Наконец перед ним плюхнулась алюминиевая сковорода с яичницей. Брызги попали на костюм. Он поискал глазами бумажные салфетки и вытер брызги пальцами, а пальцы вытер о носовой платок. Яичница была без глаз, холодная, несоленая и пережаренная.
Помявши губами край яичницы, Макарцев смущенно отодвинул сковороду. Он отломил кусочек черствого хлеба, помазал высохшей горчицей, стал жевать. Голод притупился, осталось дождаться кофе. Есть у нас еще недостатки, есть. Быт – наша болевая точка. Он вспомнил Фомичева. Когда того открепили от распределителя, жена его купила колбасу прямо в магазине. Они отравились всей семьей, неделю болели. Потом привыкли. Лучше не открепляться, тогда отдельные недостатки переживаются легче.
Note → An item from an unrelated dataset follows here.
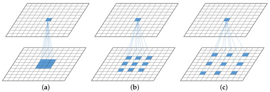 Receptive fields of dilated convolution at different dilation rates. (a) . (b) . (c) .
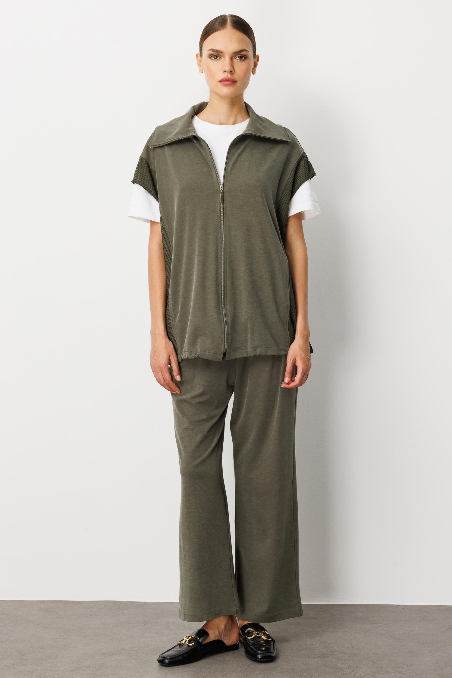 Soft Örme (miccell %55 doğal) İçerikli Yelek (tunik) Pantalon Kombin Takım-Haki (252855M PANTOLONLU KOMBİN-20)

– Мне бы кофе, – жалобно попросил он официантку, – я спешу.
– Все спешат, – сказала она, глядя в окно. – Еще не готово.
– Рассчитайте меня…
Скривив обильно накрашенные губы, она пожала плечами, ушла на кухню. Почему она ходит в домашних тапочках? Может, у нее болят ноги? А ведь нестарая… Скоро официантка вернулась, держа двумя пальцами чашку кофе и сахар в бумажном пакетике, как подают в поездах.
– А ложку можно?
– Не слепая. Сейчас принесу.
Она сказала это без сердитости, спокойно, но ложку принести забыла. Он любил кофе без сахара, отглотнул сразу.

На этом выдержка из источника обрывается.